Effect of Long Employment Tenure Against the Charge of Loss of Trust and Confidence
There is a thought that an employee who has rendered several years of service is accorded leniency in disciplinary situations. However, this is not always the case since under certain circumstances, long years of service may aggravate the offense involving loss of trust.
In a case where the two employees had spent twenty-two (22) and nineteen (19) years of service with the company respectively and although they committed their only first offense, the Supreme Court upheld their dismissal nonetheless. The Court stated that the longer an employee stays in the service of the company, the greater is his responsibility for knowledge and compliance with the norms of conduct and the code of discipline in the company. (Central Pangasinan Electric Cooperative, Inc. vs.

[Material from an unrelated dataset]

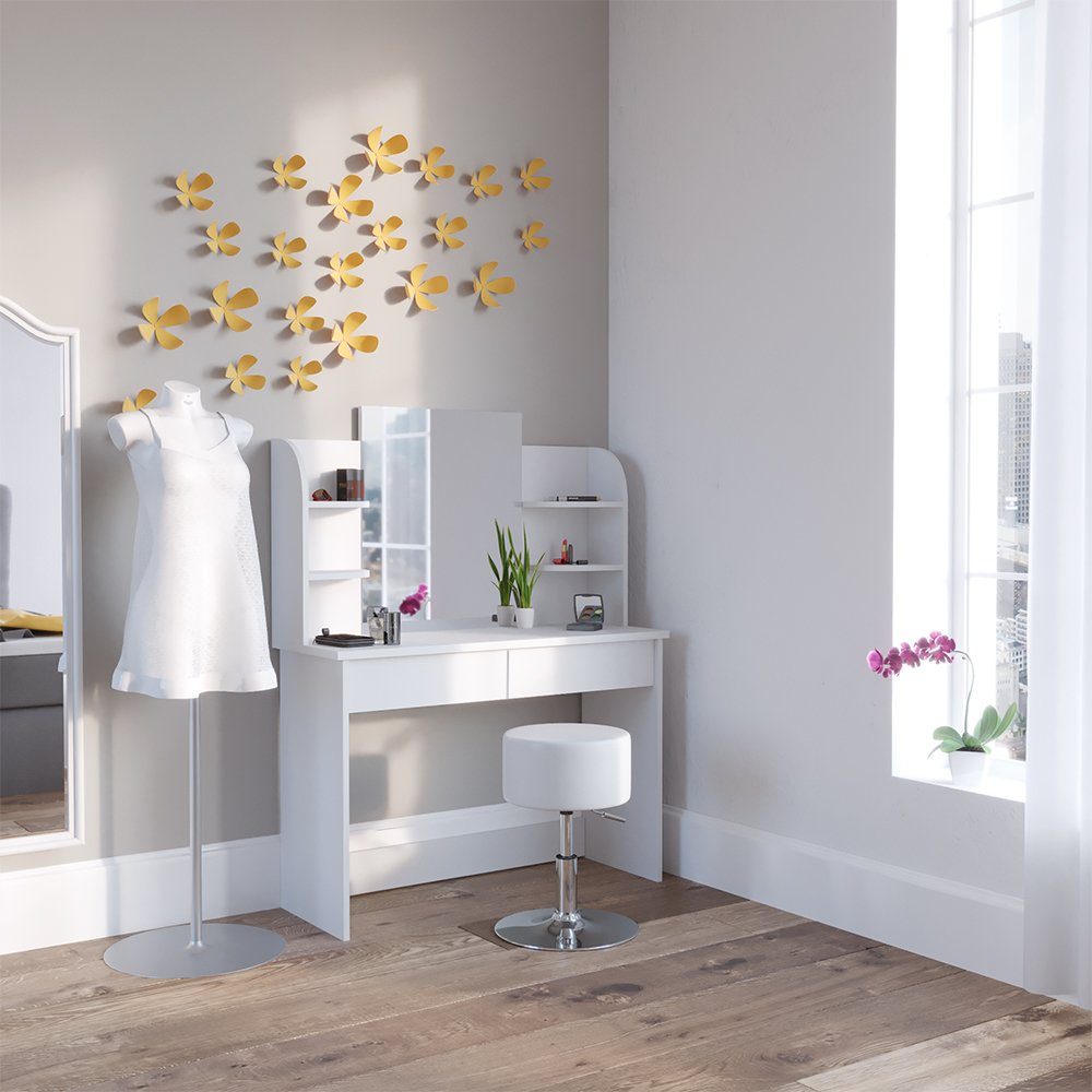 LIEFERUMFANG: Schminktisch mit Spiegel, Hocker, Montageanleitung, Montagematerial#509

Macaraeg, G.R. No. 145800, January 22, 2003.)
The fact that an employee served the company for more than twenty (20) years with no negative record prior to his dismissal, does not call for such award of benefits since his violation reflects a regrettable
lack of loyalty and worse, betrayal of the company.

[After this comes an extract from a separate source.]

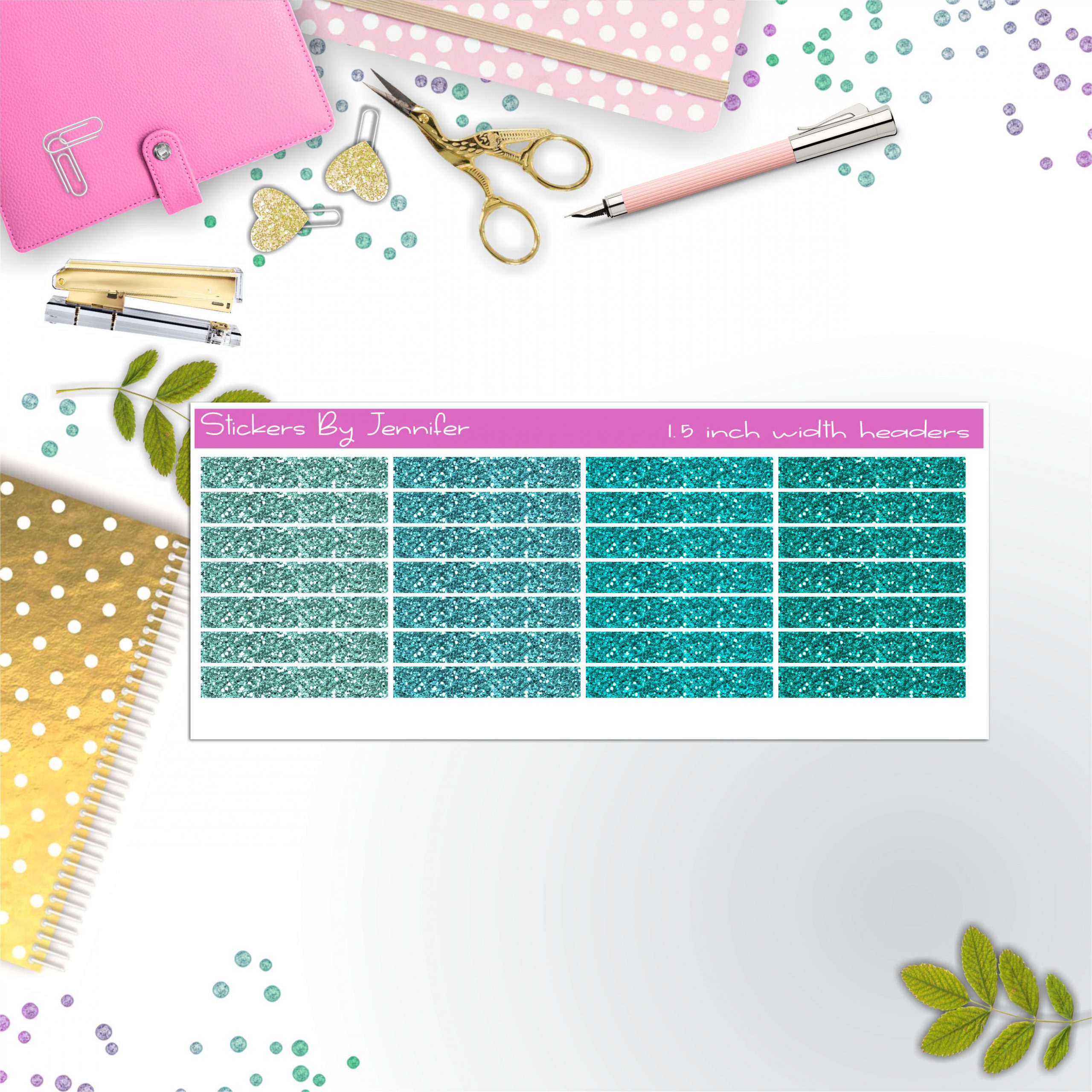 Glitter (Faux) Planner Headers, Planner Stickers, Journal Stickers, Functional Planner Stickers, Stationary Stickers

Long years of service may even militate against the claim of the employee of good faith in the commission of an unlawful act like the spiriting out of thirty (30) cases of canned soft drinks without the required documentation. (See Cruz vs. Coca-Cola Bottlers Phils., Inc., G.R. No. 165586, June 15, 2005.)

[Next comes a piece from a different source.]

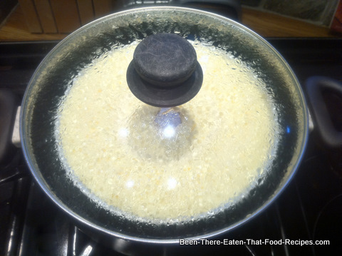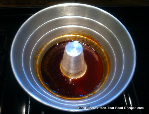 If you are using the pan-lid bain marie, place the pan on the medium heat now and add about 2cm of water to set the bain-marie. Place the mould with the caramel inside the pan with the water, and keep them on medium heat.

A PLDT employee who was positively identified as the installer of the illegal extension line for which he
was paid P2,500 was validly dismissed despite his 15 years of service with the company. An employee’s length of service with the company even aggravates his offense. He should have been more loyal to PLDT from which he derived his income for 15 years. (PLDT vs. Bolso, G.R. No. 159701, August 17, 2007.)
In a 2013 case, the Court ruled that length of service (11 years) can even be taken against a supervisory employee who committed willful breach of trust reposed in him by his employer for concealing the truth from the company which is clear disloyalty. (Moya vs. First Solid Rubber Industries, Inc., G.R. No. 184011, September 18, 2013.)
Indeed, length of service and a previously clean employment record cannot simply erase the gravity of the betrayal exhibited by a malfeasant employee. Length of service is not a bargaining chip that can simply be stacked against the employer. After all, an employer-employee relationship is symbiotic where both parties benefit from mutual loyalty and dedicated service.
If an employer had treated his employee well, has accorded him fairness and adequate compensation as determined by law, it is only fair to expect a long-time employee to return such fairness with at least some respect and honesty. Thus, it may be said that betrayal by a long-time employee is more insulting and odious for a fair employer. (Reno Foods, Inc. vs. (NLM) – KATIPUNAN, G.R. No. 164016, March 15, 2010.)